* [TASK GOAL]
When you copy the data, keep every line exactly as written and skip the pictures.

* [GIVEN INFORMATION]

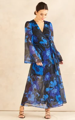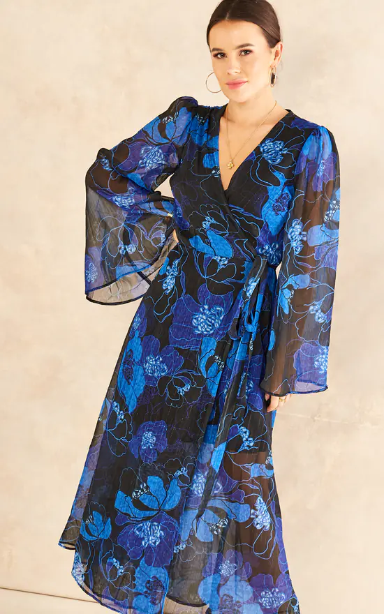 Make an entrance in the Luna wrap dress, with dramatic flared sleeves and a floor grazing hem. Crafted in a sheer fabric with a silver sparkle throughout, the oversized floral is printed in a striking cobalt blue seen all over the catwalk so you’ll be ahead of the trends this winter season!
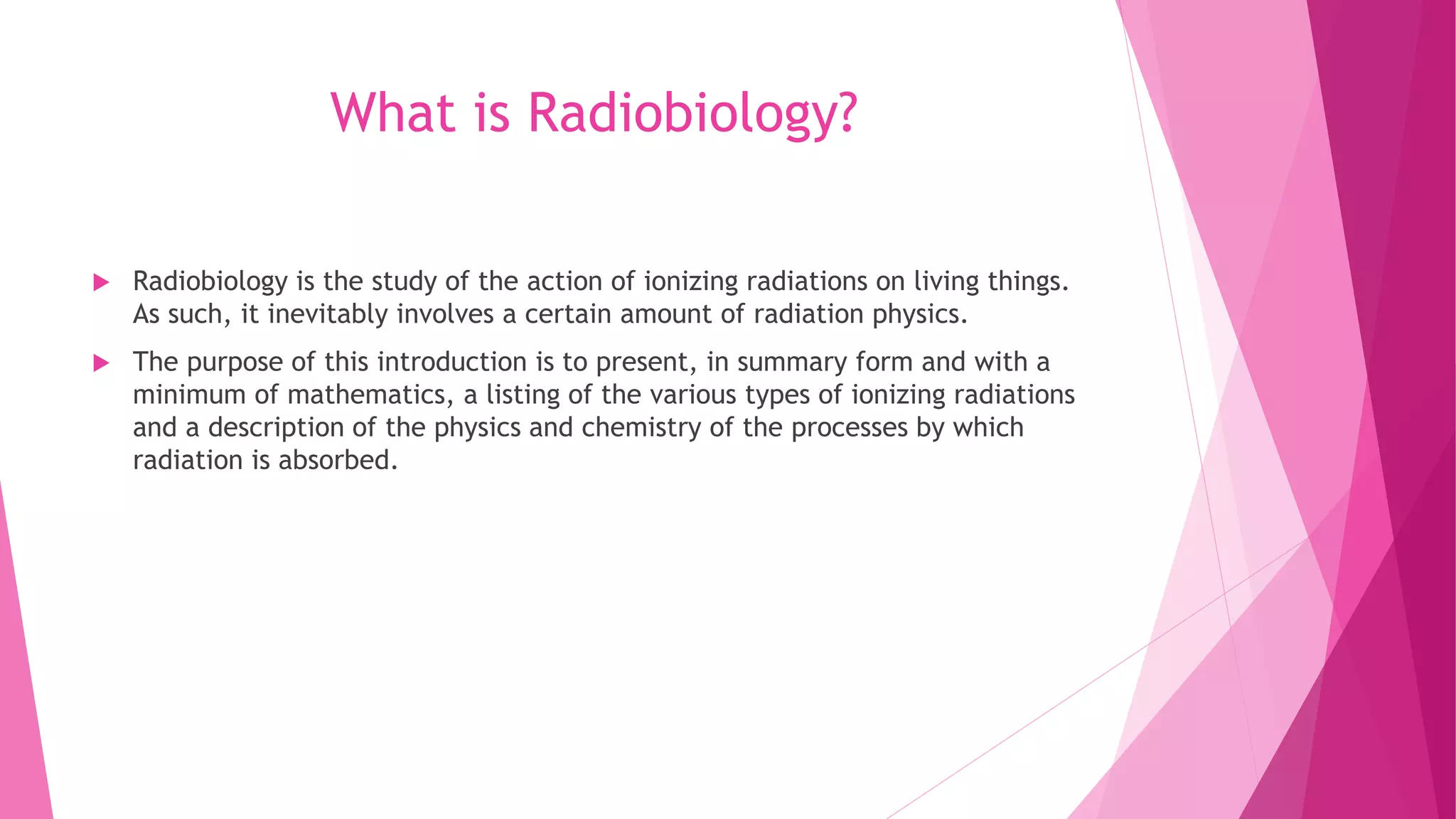 Radiobiology is the study of how ionizing radiation interacts with living things. This document provides an overview of different types of ionizing radiation including electromagnetic radiation like x-rays and gamma rays, and particulate radiation like electrons, protons, alpha particles, and heavy ions. It describes the physics of how this radiation is absorbed and can cause excitation or ionization in biological materials. Specifically, it notes that x-rays and gamma rays are indirectly ionizing since they produce fast-moving electrons upon absorption, while particulate radiations can directly ionize materials. Around 10,000 to 20,000 cases of lung cancer per year in the US are attributed to alpha particles from radon gas in homes.
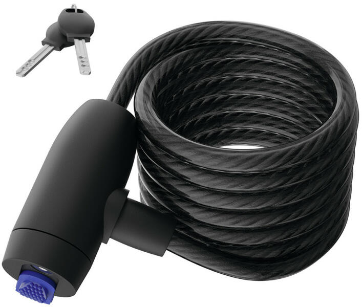 Basi-ZR 302 kulcsos spirálzár porvédővel kulcsos bicikli zárkettő darab fúrt kulccsalműanyag zárburkolat porvédővelhosszú acél sodrony műanyag bevonattal

* [OUTPUT OF THE TASK]
 Make an entrance in the Luna wrap dress, with dramatic flared sleeves and a floor grazing hem. Crafted in a sheer fabric with a silver sparkle throughout, the oversized floral is printed in a striking cobalt blue seen all over the catwalk so you’ll be ahead of the trends this winter season!
 Radiobiology is the study of how ionizing radiation interacts with living things. This document provides an overview of different types of ionizing radiation including electromagnetic radiation like x-rays and gamma rays, and particulate radiation like electrons, protons, alpha particles, and heavy ions. It describes the physics of how this radiation is absorbed and can cause excitation or ionization in biological materials. Specifically, it notes that x-rays and gamma rays are indirectly ionizing since they produce fast-moving electrons upon absorption, while particulate radiations can directly ionize materials. Around 10,000 to 20,000 cases of lung cancer per year in the US are attributed to alpha particles from radon gas in homes.
 Basi-ZR 302 kulcsos spirálzár porvédővel kulcsos bicikli zárkettő darab fúrt kulccsalműanyag zárburkolat porvédővelhosszú acél sodrony műanyag bevonattal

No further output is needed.